◆ DATA PROVIDED
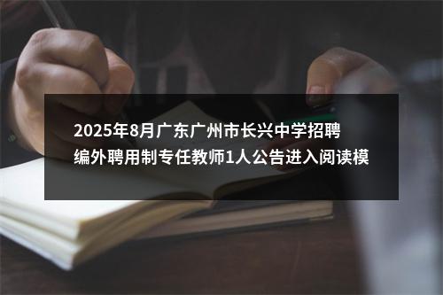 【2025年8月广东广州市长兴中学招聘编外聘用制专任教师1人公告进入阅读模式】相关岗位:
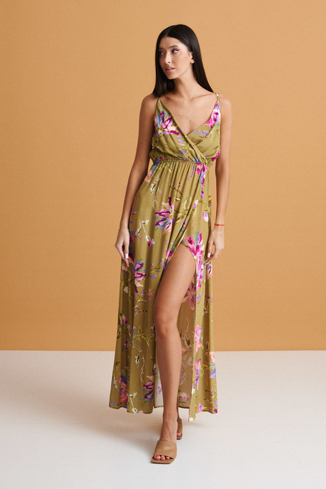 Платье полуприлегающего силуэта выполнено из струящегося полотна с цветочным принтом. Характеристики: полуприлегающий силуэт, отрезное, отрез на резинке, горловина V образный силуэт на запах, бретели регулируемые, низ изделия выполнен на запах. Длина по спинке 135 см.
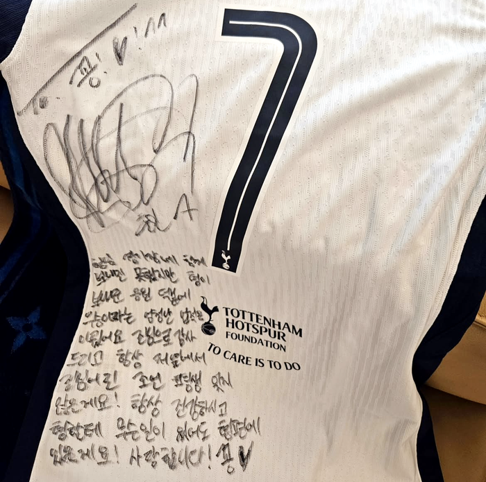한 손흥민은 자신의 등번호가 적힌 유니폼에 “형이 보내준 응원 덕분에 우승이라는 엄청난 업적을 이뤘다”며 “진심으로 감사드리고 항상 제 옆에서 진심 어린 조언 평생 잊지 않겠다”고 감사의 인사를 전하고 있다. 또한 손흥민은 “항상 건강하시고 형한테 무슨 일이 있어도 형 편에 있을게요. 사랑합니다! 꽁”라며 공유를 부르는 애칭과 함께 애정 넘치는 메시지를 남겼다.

---

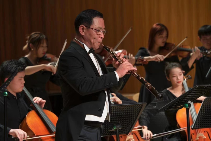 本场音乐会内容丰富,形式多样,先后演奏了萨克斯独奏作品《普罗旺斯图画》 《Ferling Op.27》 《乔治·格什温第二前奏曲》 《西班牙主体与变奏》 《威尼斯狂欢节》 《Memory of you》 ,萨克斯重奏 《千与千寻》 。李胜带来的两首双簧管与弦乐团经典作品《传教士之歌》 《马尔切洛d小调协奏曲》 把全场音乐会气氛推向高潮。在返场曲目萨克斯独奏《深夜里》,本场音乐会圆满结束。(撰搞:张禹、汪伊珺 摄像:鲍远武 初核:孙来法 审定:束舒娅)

◆ DESCRIPTION OF THE TASK
From the material above, reproduce only what runs from the line holding "Платье полуприлегающего силуэта" down to the line holding "한 손흥민은 자신의 등번호가", both included, pictures excluded.

◆ OUTPUT OF THE TASK
 Платье полуприлегающего силуэта выполнено из струящегося полотна с цветочным принтом. Характеристики: полуприлегающий силуэт, отрезное, отрез на резинке, горловина V образный силуэт на запах, бретели регулируемые, низ изделия выполнен на запах. Длина по спинке 135 см.
한 손흥민은 자신의 등번호가 적힌 유니폼에 “형이 보내준 응원 덕분에 우승이라는 엄청난 업적을 이뤘다”며 “진심으로 감사드리고 항상 제 옆에서 진심 어린 조언 평생 잊지 않겠다”고 감사의 인사를 전하고 있다. 또한 손흥민은 “항상 건강하시고 형한테 무슨 일이 있어도 형 편에 있을게요. 사랑합니다! 꽁”라며 공유를 부르는 애칭과 함께 애정 넘치는 메시지를 남겼다.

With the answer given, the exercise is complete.